General Assembly must improve state mental health services | Daily Editorial

Members of the House of Representatives and Senate will be negligent in their duties to civilized society if they let the 2022 General Assembly session pass without major reform of mental health services. They began the 40-day work session knowing that 40 percent or more of inmates in county and state jails have some form or degree of suspected but untreated mental illness.

Brunswick Judicial Circuit District Attorney Keith Higgins confirmed this. It’s the same painful story at the Glynn County Detention Center. He said so in an address to a local civic organization last year.

The state can afford to rectify the situation. The income is definitely there. Georgia ended its fiscal 2021 in June with a whopping $3.7 billion surplus. A generous piece of this would help those who cannot help themselves.
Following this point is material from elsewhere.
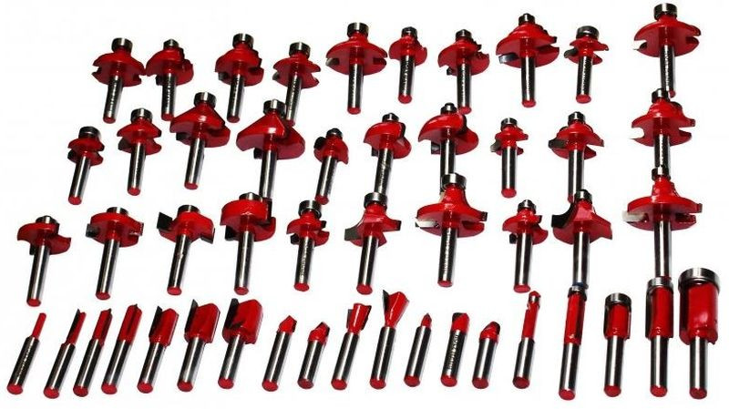 - 5× fraises a affleurer (3/8"×1/2", 3/8"×1", 1/2"×1/2", 1/2"×1", 3/4")
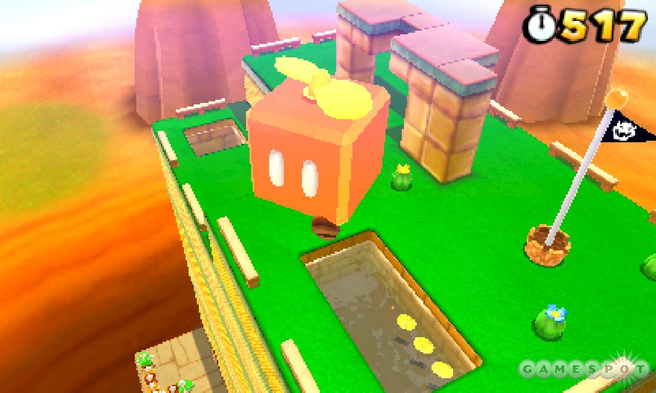 The game isn’t all about looking back though: it has one eye firmly on the future, particularly when it comes to inventive level design that really makes full use of the Nintendo 3DS. Whereas the 3D effect is all but disposable for many games, here it really adds something, particularly in helping you to judge distances to platforms a lot more easily: I found a struggled a lot more on some levels when I switched them to 2D. There are also a few levels that look truly stunning, such as a vertigo-inducing level in which the camera switches to above your head and has you falling into the screen against the backdrop of some enormous waterfalls.

Gov. Brian Kemp is already planning to spend a significant portion of the proceeds on two modern prisons. As of now, 600 million US dollars are estimated for its construction. The built-in efficiencies of the proposed 21st century facilities will save costs and replace four old ones.

Legislation to challenge the state’s shameful ranking for the mental health services it provides — the absolute bottom of the 50 states and behind the District of Columbia — is already in the pipeline. Georgia Rep. Sandra Scott, a Rex Democrat, introduced one of the newer ones. Her House Bill 853 proposes an alternative to prison for offenders who have a mental illness but pose no danger to the public. In short, it would offer them something they don’t get: treatment.

As Rep. Scott points out, it costs taxpayers $35,000 a year to lock up a single inmate. Imagine what a difference it would make if funds were invested in a positive option, such as helping men, women and youth with mental health problems – not jail.

These individuals were unfairly punished for behaviors and actions they could not control without proper guidance and medication. Everyone knows that, including law enforcement officials.

Now is the time to do something, whether by Rep. Scott’s will or anyone else’s.